- Kisah sang juara olimpiade menolak bidikmisi
Namanya Dandy Mandalahi, dia diterima di jurusan pendidikan Matematika FMIPA Unimed melalui jalur SNMPTN. Saat pengumuman SNMPTN 9 Mei lalu, dia tak menyangka bakal lolos di jurusan itu mengingat persaingan yang begitu tinggi.
Dia kembali di rumahnya di Siantar, Kabupaten Dairi, Sumatera Utara dengan perasaan bangga. Sampai di depan rumahnya yang berukuran 7 X 10 M persegi, dia segera melangkahkan kaki masuk.
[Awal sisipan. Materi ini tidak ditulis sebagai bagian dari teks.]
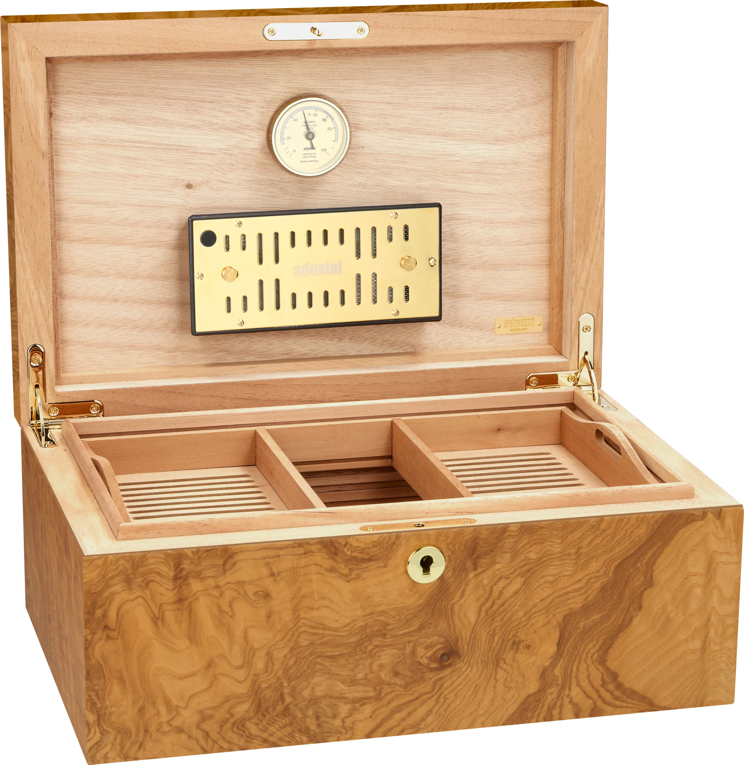 The Olive Ash model impresses with a warm brown color with outstanding grain, creating a particularly elegant effect and blending perfectly into any ambiance. The Grande humidors hold up to 150 cigars, offering ample space for the collection of discerning connoisseurs.

Dia memberitahukan bahwa dia diterima di UNIMED. "Puji Tuhan. Semoga kami mampu membiayai kuliahmu sampai sarjana nak", ucap orang tua Dandy. "Tak apa. Soalnya Dandy dapat beasiswa bidikmisi. Jadi bapak ibu tak usah memikirkan masalah biaya kuliah Dandy". Kontan, orang tua Dandy segera berkata, "Apa ? Bukannya beasiswa itu untuk mereka yang berprestasi dan memiliki keluarga yang tidak mampu ?" Ujar ayah 5 bersaudara yang dilanjut oleh sang ibu, "Cukup kau doakan ayah ibumu ini agar mampu membiayai kuliahmu ini sampai sarjana. Jika nanti dapat beasiswa lain, tak apa. Tapi jangan bidikmisi. Masih ada orang yang lebih berhak ketimbang kita nak". Dandy menunduk menderngar kesiapan orang tuanya yang bekerja sebagai petani sayur biasa dengan lahan kurang dari 2 rantai dengan masa panen tiap tiga atau empat bulan sekali.
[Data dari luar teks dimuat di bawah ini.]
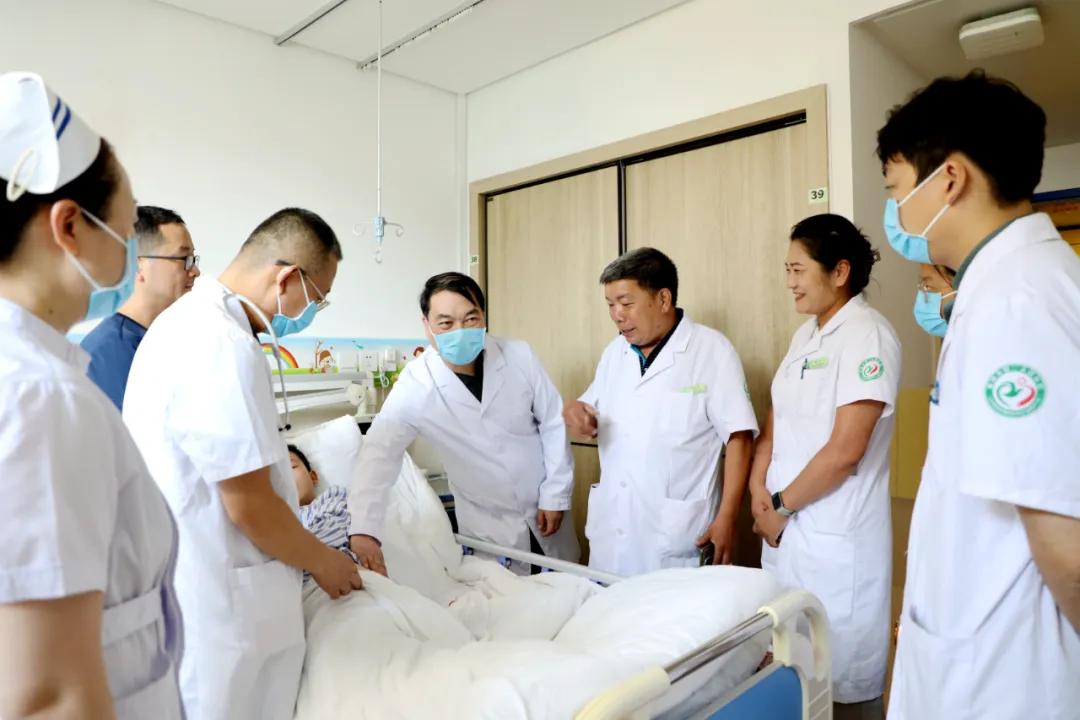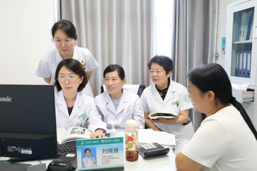 為提升區(qū)域兒科診療水平,惠及本地復(fù)雜、疑難、特色專(zhuān)科病患兒,8月28日,市二院 市兒童醫(yī)院特邀河南省兒童醫(yī)院新生兒外科王獻(xiàn)良主任、內(nèi)分泌遺傳代謝科病區(qū)劉曉景主任、兒童重癥醫(yī)學(xué)科高劉炯主任蒞臨,開(kāi)展多學(xué)科聯(lián)合查房、疑難病例討論及義診活動(dòng)。黨委書(shū)記魏松帶領(lǐng)兒科團(tuán)隊(duì)主任、護(hù)士長(zhǎng)對(duì)前來(lái)義診的專(zhuān)家表示熱烈歡迎。

Jadilah, Dandy menuju staf kemahasiswaan UNIMED, menyatakan diri mengundurkan diri sebagai penerima bidikmisi. Dengan penghasilan orang tua 2,5 Juta/bulan, anak kedua dari 5 bersaudara itu berdoa agar orang tuanya tetap mampu mebiayai kuliahnya hingga sarjana.
Staf kemahasiswaan UNIMED sendiri mengaku terharu dengan kelapangan dan kebaikan anak dan orang tua itu. Sungguh sebuah peristiwa yang sangat langka menurutnya.
- "Berikan kepada yang lebih berhak"
Kisah selanjutnya datang dari Andi Silaban. Dengan latar tempat yang sama, UNIMED. Jika Dandy diterima melalui jalur SNMPTN, maka Andi Silaban sendiri diterima di jurusan Ilmu Olahraga (IKOR) UNIMED melalui jalur SBMPTN.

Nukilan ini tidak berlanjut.